[TRY IT]: Pictures aside, the data must be reproduced exactly.

[DATA SECTION]:
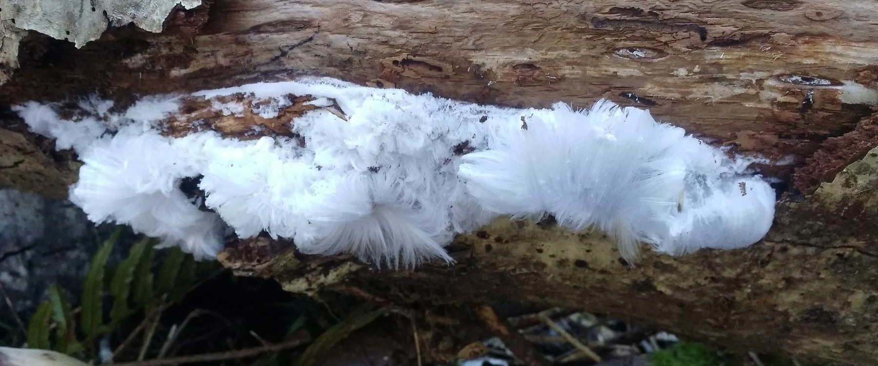 Il faut des conditions climatiques particulières pour que le givre se forme, comme sur cette photo, sous forme de filaments. L’humidité des végétaux pourraient influer sur la forme de cette délicate création de glace.
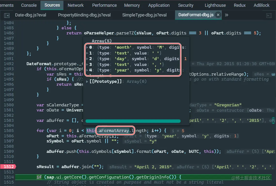 在前一篇文章,我们已经排除了这个问题是由于数据解析错误造成的,因为在 DateFormat.js 的 _format 方法输入参数 oJSDate,已经能够观察到正确从本地 JSON 文件解析出的包含了小时,分,秒的时间值:Thu Apr 02 2015 01:20:30 GMT+0800 (China Standard Time)
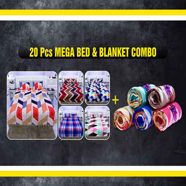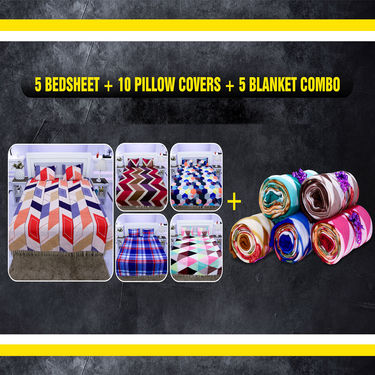 5 Bedsheets + 10 Pillow Covers + 5 Blankets Combo (5BS5FB1)
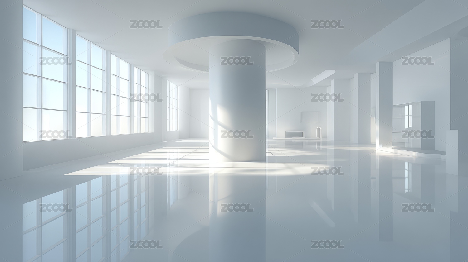 现代明亮宽敞白色室内空间

[RESULT OF THE TASK]:
 Il faut des conditions climatiques particulières pour que le givre se forme, comme sur cette photo, sous forme de filaments. L’humidité des végétaux pourraient influer sur la forme de cette délicate création de glace.
 在前一篇文章,我们已经排除了这个问题是由于数据解析错误造成的,因为在 DateFormat.js 的 _format 方法输入参数 oJSDate,已经能够观察到正确从本地 JSON 文件解析出的包含了小时,分,秒的时间值:Thu Apr 02 2015 01:20:30 GMT+0800 (China Standard Time)
 5 Bedsheets + 10 Pillow Covers + 5 Blankets Combo (5BS5FB1)
 现代明亮宽敞白色室内空间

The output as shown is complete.